- EXERCISE INPUTS:
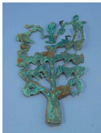
老龙头遗址出土的青铜枝形器。
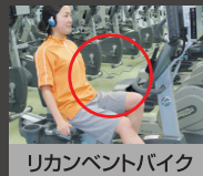
リカレントバイク
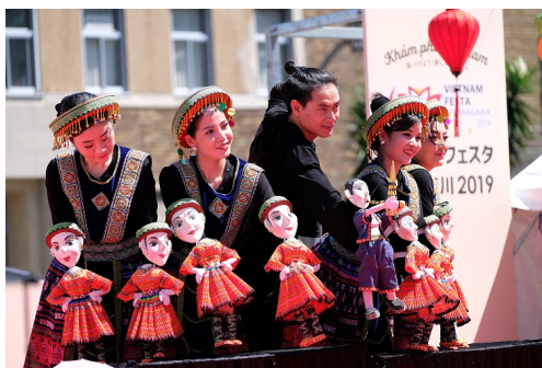
ベトナムフェスタ in 神奈川 2019
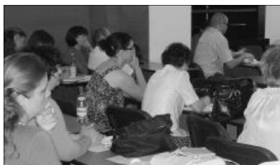
Huszonheten vettek részt az idei továbbképző tanfolyamon

ISKOLAI GYŰJTÉS ÁRVÍZKÁROSULTAK RÉSZÉRE. Az egyházkerület tanügyi osztálya felkérte az egyházkerület tanintézményeit, hogy szervezzenek gyűjtést az árvíz-károsultak megsegítésére. Tanintézményeink alkalmazottai és diákjai jövőtől a következő összegek gyűltek össze: Nagyváradi Lorántffy Zsuzsanna Református Gimnázium: 1.000 RON és 1.050 HUF; Szatmári Református Gimnázium: 1.000 RON; Zilahi Református Wesselényi Kollégium: 250 RON; Partiumi Keresztény Egyetem: 1.100 RON. Összesen: 3.350 RON és 1.050 HUF.
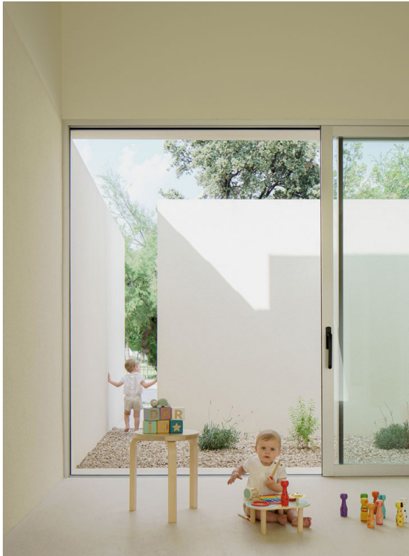
ESCUELA INFANTIL, 2023
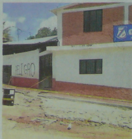
LOS HABITANTES DE LA ZONA bloquearon la vía adyacente, que también se está hundiendo producto de las filtraciones, para mitigar el riesgo de colapso.

"La escuela se encuentra en el aire, estamos huérfanos, qué esperan que ocurra una tragedia para actuar", recaló.
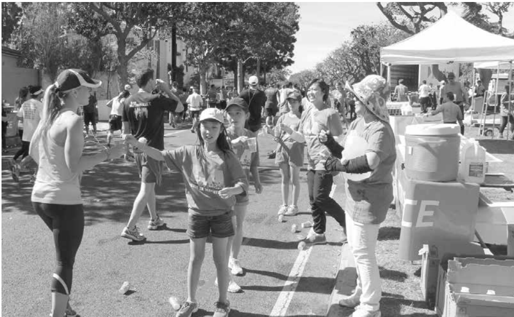
3月9日のロサンゼルスマラソンでは、今年もJBA会員有志によるボランティアを実施。ゴール目の23マイル地点で、水やオレンジ、アンパンを手渡し、ゴールを目指すランナーを応援しました(詳細はp.7)
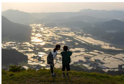
「光輝く町」 大分県 | erika

- DIRECTIONS: Here the job is to repeat the entries verbatim while leaving all pictures out.

- WRITTEN ANSWER:
老龙头遗址出土的青铜枝形器。
リカレントバイク
ベトナムフェスタ in 神奈川 2019
Huszonheten vettek részt az idei továbbképző tanfolyamon

ISKOLAI GYŰJTÉS ÁRVÍZKÁROSULTAK RÉSZÉRE. Az egyházkerület tanügyi osztálya felkérte az egyházkerület tanintézményeit, hogy szervezzenek gyűjtést az árvíz-károsultak megsegítésére. Tanintézményeink alkalmazottai és diákjai jövőtől a következő összegek gyűltek össze: Nagyváradi Lorántffy Zsuzsanna Református Gimnázium: 1.000 RON és 1.050 HUF; Szatmári Református Gimnázium: 1.000 RON; Zilahi Református Wesselényi Kollégium: 250 RON; Partiumi Keresztény Egyetem: 1.100 RON. Összesen: 3.350 RON és 1.050 HUF.
ESCUELA INFANTIL, 2023
LOS HABITANTES DE LA ZONA bloquearon la vía adyacente, que también se está hundiendo producto de las filtraciones, para mitigar el riesgo de colapso.

"La escuela se encuentra en el aire, estamos huérfanos, qué esperan que ocurra una tragedia para actuar", recaló.
3月9日のロサンゼルスマラソンでは、今年もJBA会員有志によるボランティアを実施。ゴール目の23マイル地点で、水やオレンジ、アンパンを手渡し、ゴールを目指すランナーを応援しました(詳細はp.7)
「光輝く町」 大分県 | erika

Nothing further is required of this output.